How SQLFire Replicates Tables

SQLFire replicates every single row of a replicated table synchronously to each table replica in the target server group(s). With synchronous replication, table reads can be evenly balanced to any replica in the cluster, with no single member becoming a contention point.

SQLFire replicates data to all peers in the server groups where the table was created. Replication occurs in parallel to other peers over a TCP channel.

SQLFire replicates table data both when a new table is initialized in a cluster and when replicated tables are updated.

Replication at Initialization

When a non-persistent ("memory only") replicated table is created in a peer or server, it initializes itself using data from another member of the server group that hosts the table. A single data store member in the server group is chosen, and data for the table is streamed from that member to initialize the new replica. If the selected member fails during the replication process, the initializing process selects a different member in the server group to stream the data.

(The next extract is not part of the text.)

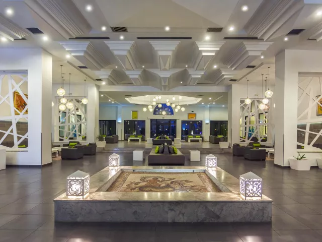 Djerba Aqua Resort sa rozprestiera na 13 hektároch kvitnúcej palmovej záhrady, ktorá ponúka množstvo kúzelných zákutí a spoľahlivé služby. Interiéry hotela sú inšpirované miestnou architektúrou. Pre rodiny s deťmi je tu pripravený bazén s tobogánom, zatiaľ čo rodičia môžu relaxovať a obdivovať kvitnúce ibišteky a buganvílie. Hotel má súkromnú pláž, ktorá je oddelená malými piesočnými dunami, a jeho priateľská atmosféra robí z neho ideálnu voľbu pre rôzne typy návštevníkov.

Replication During Updates

When an application updates a replicated table, SQLFire distributes the update to all replicas in parallel, utilizing the network bandwidth between individual members of the cluster. The sending peer or server locks the updated row locally, and then distributes the update to the replicas. After each of the replicas processes the update and responds with an acknowledgment message, the originating SQLFire peer returns control to the application. The update process is conservative in order to ensure that all copies of a replicated table contain consistent data. Each receiver processes the update entirely, applying constraint checks if necessary and updating the local table data, before responding with an acknowledgment. Each operation on a single row key is performed atomically per replica, regardless of how many columns are being read or updated.